Welcome to the latest edition of our new weekly blog series, What to Test. Each week, we will introduce a new test idea. We’ll explain why it’s important to test it, what you might learn, how to carry out the test, and what to measure in order to determine a winner. Last week we tested Button Color.

The Test = Form Fields

Why?

If you have a form on your site, the goal is get people to fill them out. Otherwise why would you have them?

Maybe they are lead generation forms, contact forms, email subscription forms, or actual checkout forms. Whatever they are, you want people to fill them out. For every person that views the form, some percentage of them will actually fill it out and submit it. Let’s call this your conversion rate.

So our goal in testing the form fields is to increase the conversion rate.

How?

In many cases, the sheer size of a form will affect the conversion rate. So one test you can run would be to eliminate any unnecessary form fields and see how that impacts conversion rate. Fewer fields should mean more people filling it out.

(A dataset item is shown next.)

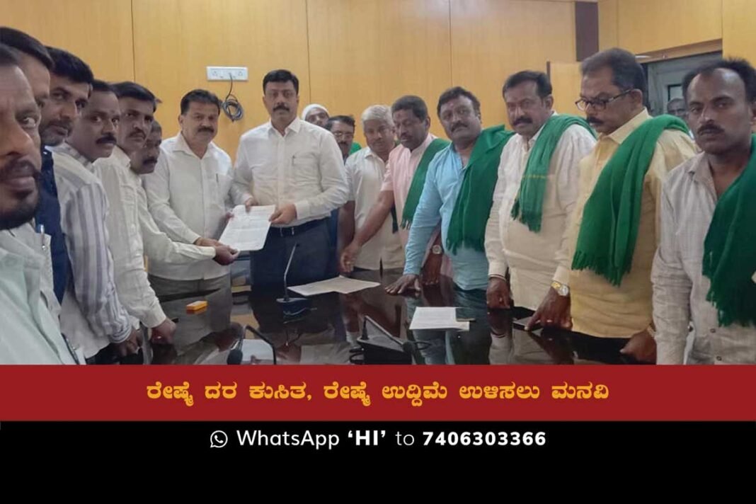 A group of farmers, including Tadoor Manjunath, Muninanjappa, HK Ramesh, Devaraj, Kempanna, and Nagaraj, along with reelers, including Ansar Khan, Anwar Saab, Anand Kumar, G. Rahman, Farooq, Mujahid Pasha, and Kuchchanna Ananthu, were present during the petition submission to the Silk Commissioner’s office.
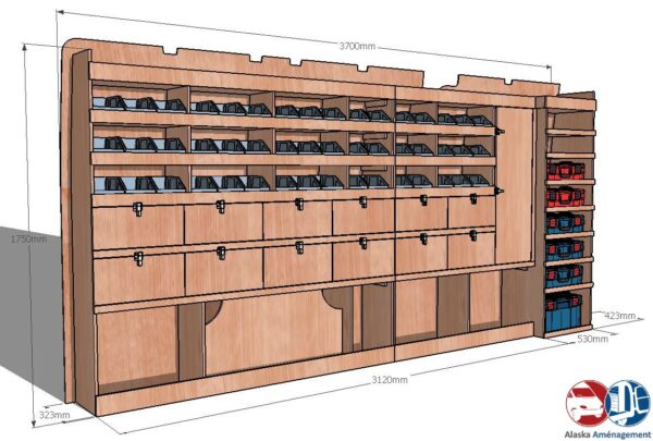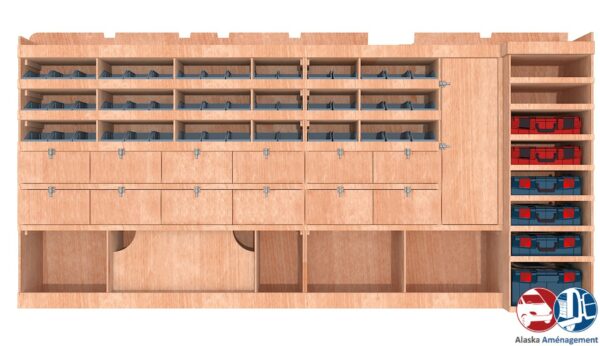 Ce meuble de rangement KRMG003-N(pour le latéral « Gauche » de votre véhicule) offre une solution polyvalente avec sept niveaux de stockage fonctionnels. Il comprend des étagères pour bacs à bec, des clapets basculants, un placard et un module spécifique pour les mallettes d’électroportatif. Une étagère supérieure est conçue pour les objets longs. Son fond arrière intégré assure la rigidité et protège la carrosserie du véhicule, évitant un habillage supplémentaire. Le meuble est disponible en contreplaqué brut ou filmé.

In addition, the nature of information you are asking for will affect whether or not people fill out the form. People are hesitant to put a lot of personal information into an online form. They are afraid of people stealing their information, or using it for something “spammy”. Again, limiting the amount of personal information you ask for should increase your conversion rate.

You can test this by creating two different versions of the page, one with the original form, and one with the trimmed down form. Send half of the people to one, and half to the other. And measure the percentage of people on each that submit the form.